Omit the pictures and extract only the lines from the line containing "Vegyes papírrégiség és" to the end of the material, each exactly as written.

EXTRACTED MATERIAL:
*** Begin section ***

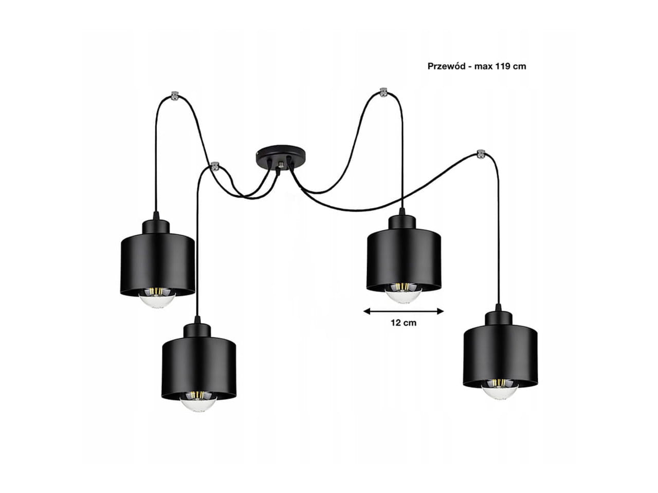 Prezentujemy niezwykle oryginalną lampę wiszącą z czterema, metalowymi kloszami, która nada Twoim wnętrzom nowoczesnego akcentu i niepowtarzanego klimatu. Lampa sufitowa pozwala na stworzenie modnego loftowego stylu w pomieszczeniach mieszkalnych, ale może być też zastosowana w restauracjach, barach hotelach oraz biurach. Solidne wykonanie lampy, a także jej ponadczasowa forma sprawi, że posłuży Ci na lata!
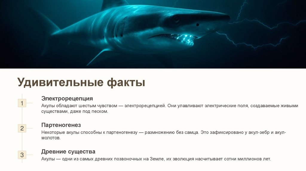 Акулы обладают шестым чувством — электрорецепцией. Они улавливают электрические поля, создаваемые живыми
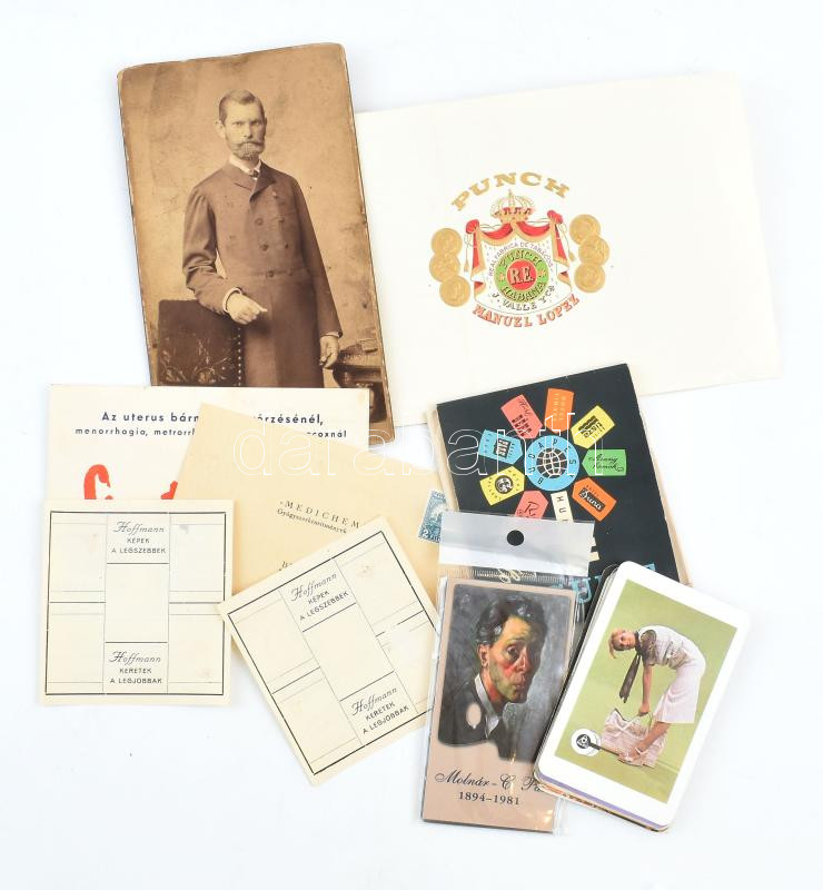 Vegyes papírrégiség és nyomtatvány tétel: régi reklámnyomtatványok, keményhátú fotó, kártyanaptárak, Molnár C. Pál reprodukciók, stb.
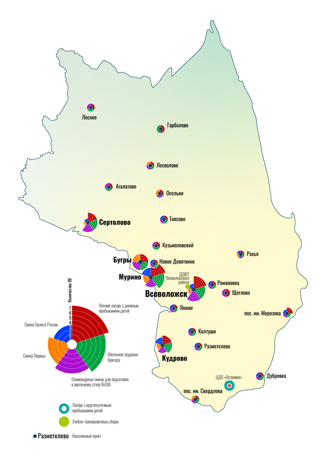 42 лагеря с дневным пребыванием детей на базе функционирующих образовательных учреждений и МООДО «ЦДО «Островки» включены в Реестр организаций отдыха детей и их оздоровления, находящихся на территории Ленинградской области, размещенный на сайте комитета общего и профессионального образования Ленинградской области (https://edu.lenobl.ru/ru/upravlenie-obrazovaniem/depobr/otdyh-i-ozdorovlenie-detej-podrostkov-i-molodezhi/reestr-organizacij-otdyha-detej-i-ih-ozdorovleniya-na-territorii-lenin/).
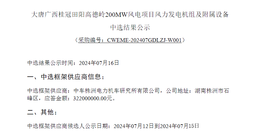【大唐广西桂冠田阳高德岭200MW风电项目风力发电机组及附属设备】中选结果公示

*** End section ***

RESPONSE AREA:
 Vegyes papírrégiség és nyomtatvány tétel: régi reklámnyomtatványok, keményhátú fotó, kártyanaptárak, Molnár C. Pál reprodukciók, stb.
 42 лагеря с дневным пребыванием детей на базе функционирующих образовательных учреждений и МООДО «ЦДО «Островки» включены в Реестр организаций отдыха детей и их оздоровления, находящихся на территории Ленинградской области, размещенный на сайте комитета общего и профессионального образования Ленинградской области (https://edu.lenobl.ru/ru/upravlenie-obrazovaniem/depobr/otdyh-i-ozdorovlenie-detej-podrostkov-i-molodezhi/reestr-organizacij-otdyha-detej-i-ih-ozdorovleniya-na-territorii-lenin/).
【大唐广西桂冠田阳高德岭200MW风电项目风力发电机组及附属设备】中选结果公示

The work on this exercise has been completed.